Look below for the line with "9月5日晚9点,伴随着雄壮的" and the line with "Khởi tạo bằng". Copy exactly those two lines and every line between, but not the pictures.

__Task data__:
····················

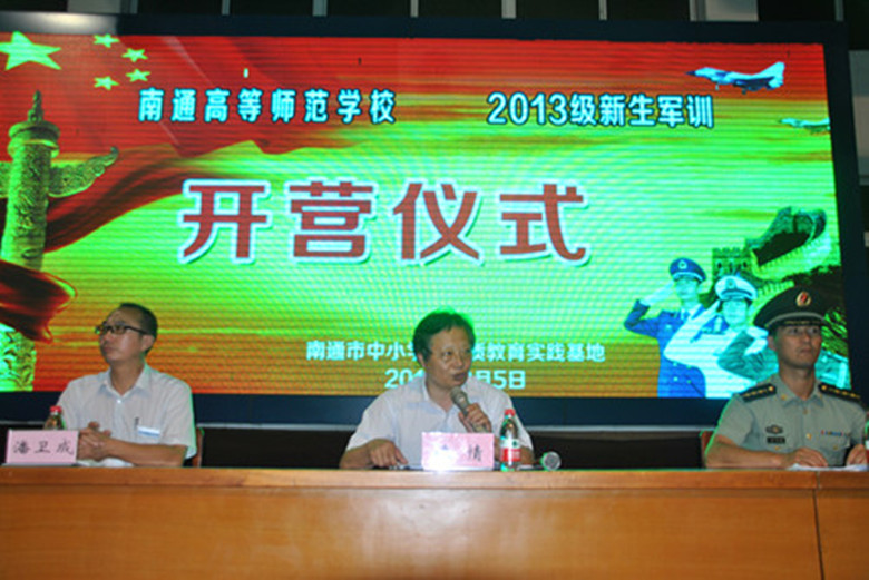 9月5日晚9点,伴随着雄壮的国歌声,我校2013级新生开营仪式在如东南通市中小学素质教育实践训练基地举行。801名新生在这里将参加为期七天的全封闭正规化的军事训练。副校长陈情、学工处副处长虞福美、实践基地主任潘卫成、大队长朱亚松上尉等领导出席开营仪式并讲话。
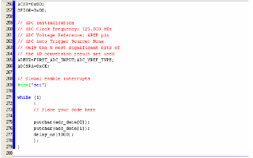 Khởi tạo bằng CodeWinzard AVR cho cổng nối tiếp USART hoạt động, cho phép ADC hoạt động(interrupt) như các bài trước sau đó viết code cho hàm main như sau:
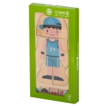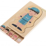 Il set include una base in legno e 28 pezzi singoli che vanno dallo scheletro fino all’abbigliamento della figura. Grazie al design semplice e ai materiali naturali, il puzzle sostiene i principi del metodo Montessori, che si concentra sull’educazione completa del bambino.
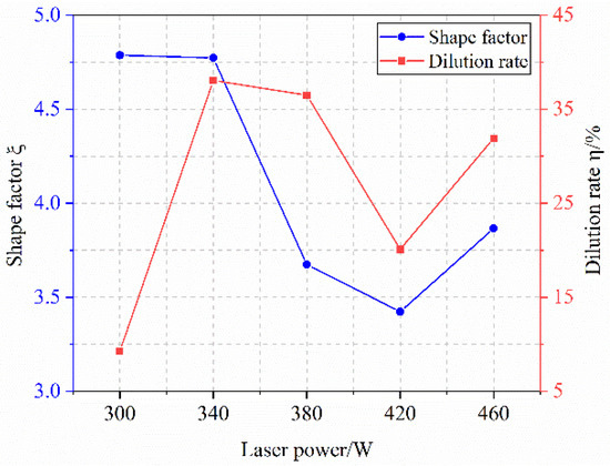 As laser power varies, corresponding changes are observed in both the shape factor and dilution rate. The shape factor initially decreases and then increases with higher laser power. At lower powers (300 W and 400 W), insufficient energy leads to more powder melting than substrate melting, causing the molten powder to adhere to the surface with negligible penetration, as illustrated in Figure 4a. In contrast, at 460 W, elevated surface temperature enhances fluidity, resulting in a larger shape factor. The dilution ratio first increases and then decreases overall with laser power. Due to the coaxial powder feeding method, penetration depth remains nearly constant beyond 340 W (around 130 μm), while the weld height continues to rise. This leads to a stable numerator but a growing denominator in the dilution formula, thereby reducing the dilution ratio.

····················

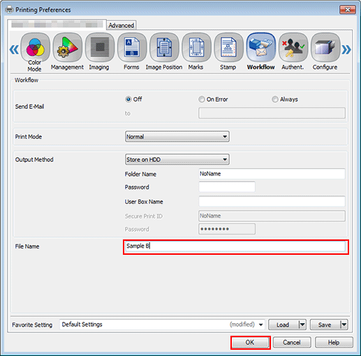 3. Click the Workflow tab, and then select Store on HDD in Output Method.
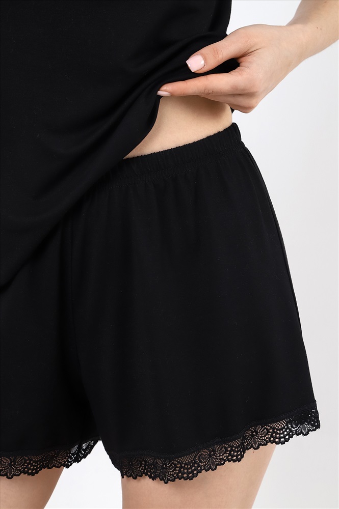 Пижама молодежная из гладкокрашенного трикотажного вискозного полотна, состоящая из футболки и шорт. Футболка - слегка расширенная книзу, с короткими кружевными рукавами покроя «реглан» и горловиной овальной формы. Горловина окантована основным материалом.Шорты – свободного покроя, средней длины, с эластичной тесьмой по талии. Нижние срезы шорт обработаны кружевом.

····················

__Solution to this exercise__:
 9月5日晚9点,伴随着雄壮的国歌声,我校2013级新生开营仪式在如东南通市中小学素质教育实践训练基地举行。801名新生在这里将参加为期七天的全封闭正规化的军事训练。副校长陈情、学工处副处长虞福美、实践基地主任潘卫成、大队长朱亚松上尉等领导出席开营仪式并讲话。
 Khởi tạo bằng CodeWinzard AVR cho cổng nối tiếp USART hoạt động, cho phép ADC hoạt động(interrupt) như các bài trước sau đó viết code cho hàm main như sau:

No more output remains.